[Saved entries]
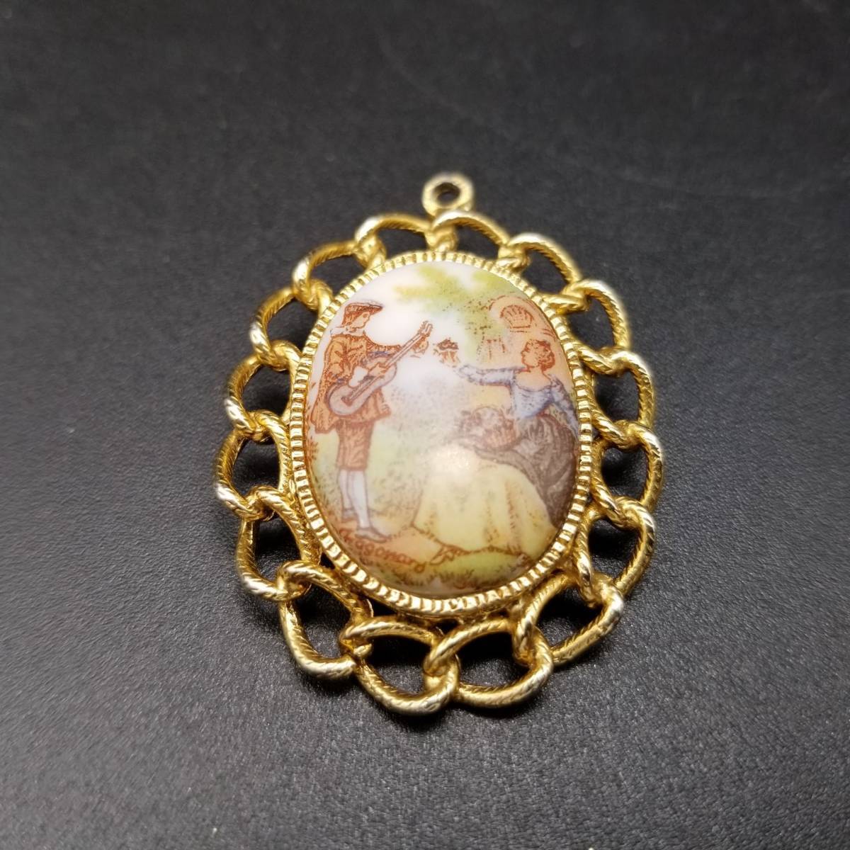 - 古典 絵画 ヴィンテージ ペンダント チャーム レトロ コスチュームジュエリー 楕円 TJE1
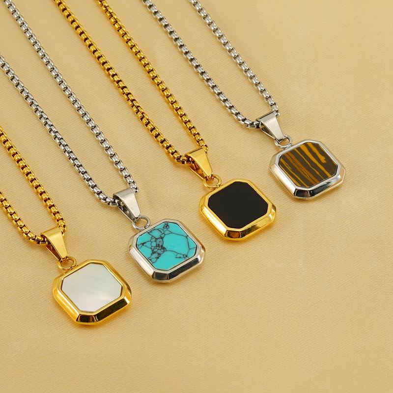 Хит продаж титановая сталь хип-хоп бирюзовый кулон мужской и женский геометрический европейский и американский модный нетускнеющий ожерелье украшение
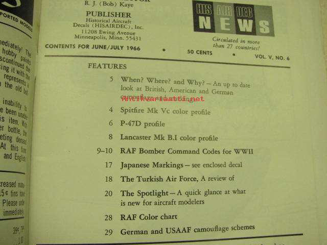Historical Aircraft Decal News 1966 june/july
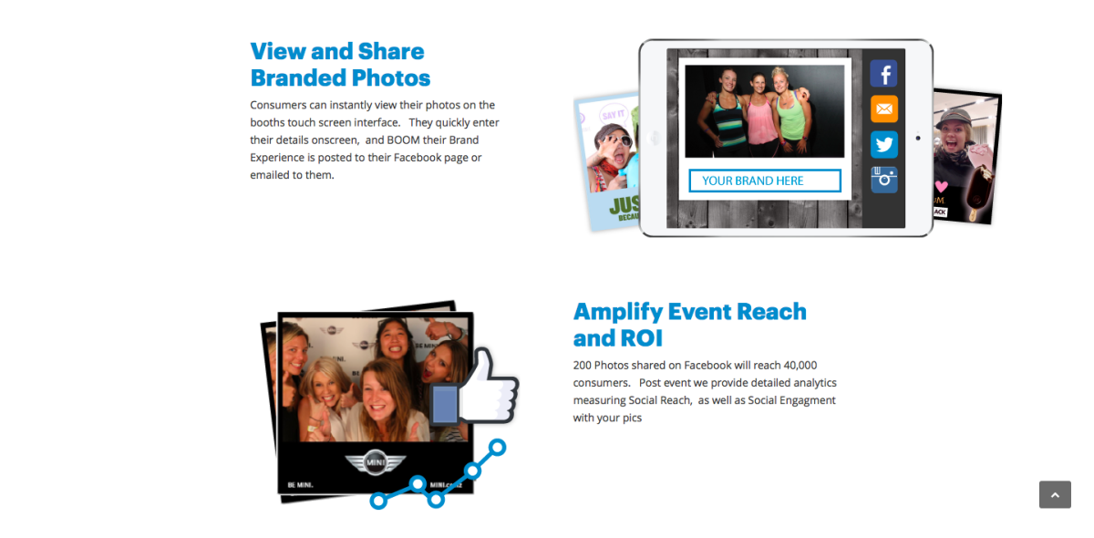 We capture awesome photos or video of consumers at your event. They are sharing your brand with their social networks. Exponentially increase the reach of your event message.
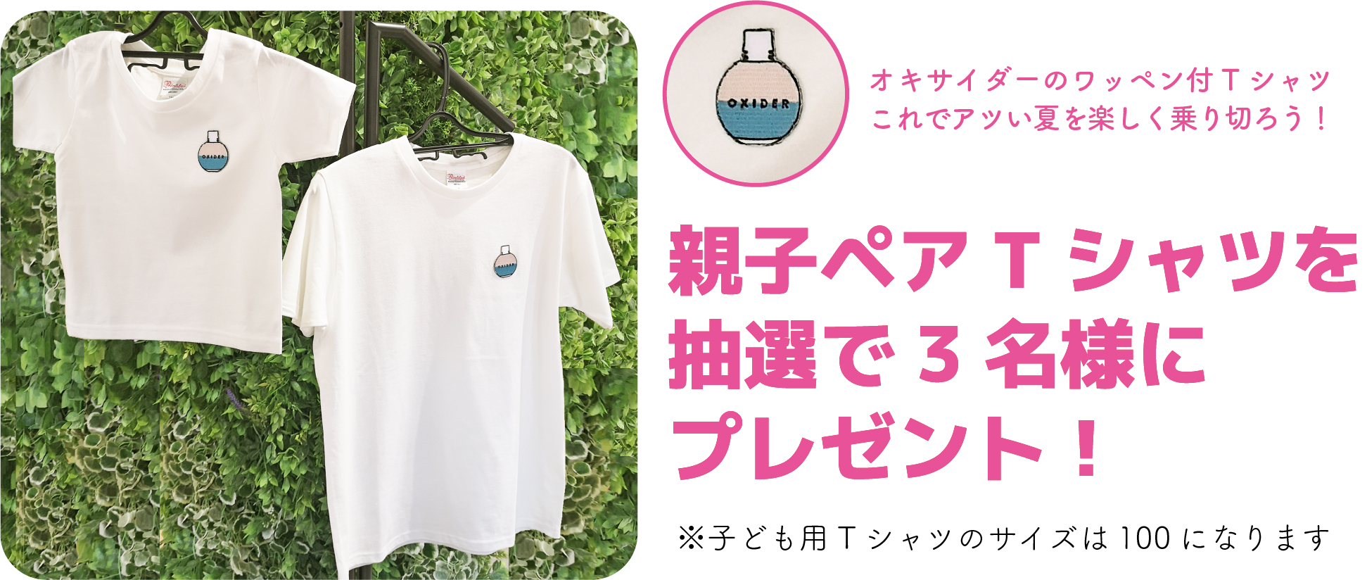1.応募者の中から計3名様にお一人につき親子ペアTシャツを1組プレゼント。
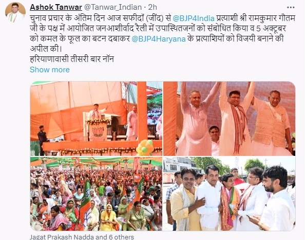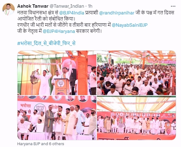 Illustrating his former dedication to the party, Ashok Tanwar had earlier posted images from a rally in support of BJP candidate Randhir Panihar from the Nalwa assembly area, exuding confidence in BJP's continued governance under Naib Singh Saini's leadership.
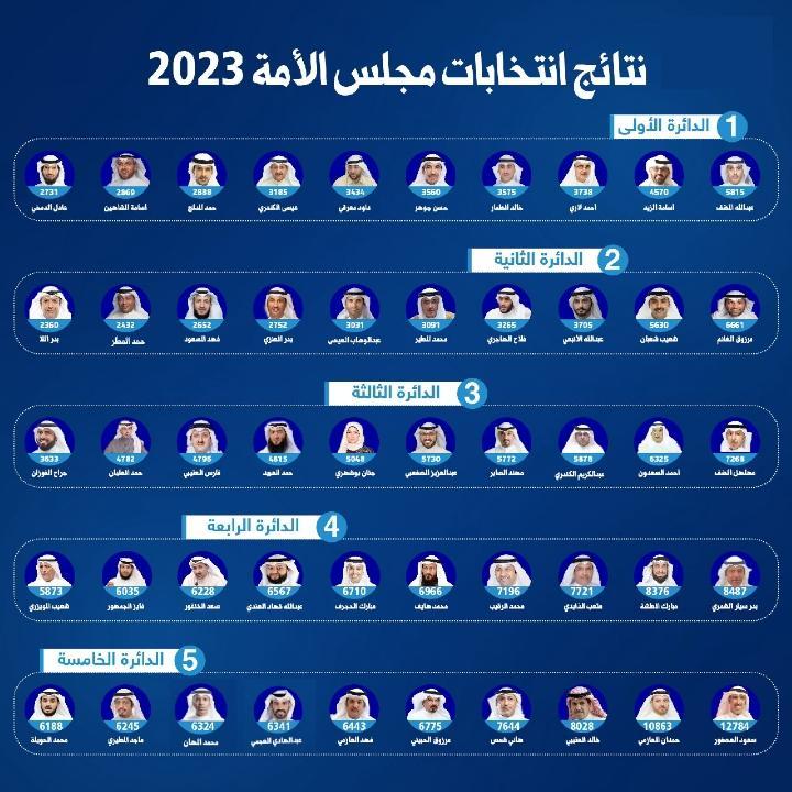 ‏النتائج النهائية للدوائر الخمس في ‎انتخابات مجلس الأمة 2023

» **WHAT YOU NEED TO DO**
Copy exactly the lines that run from the line containing "We capture awesome photos" to the end of the data, keeping both end lines and dropping every picture.

» **TASK ANSWER**
 We capture awesome photos or video of consumers at your event. They are sharing your brand with their social networks. Exponentially increase the reach of your event message.
1.応募者の中から計3名様にお一人につき親子ペアTシャツを1組プレゼント。
 Illustrating his former dedication to the party, Ashok Tanwar had earlier posted images from a rally in support of BJP candidate Randhir Panihar from the Nalwa assembly area, exuding confidence in BJP's continued governance under Naib Singh Saini's leadership.
 ‏النتائج النهائية للدوائر الخمس في ‎انتخابات مجلس الأمة 2023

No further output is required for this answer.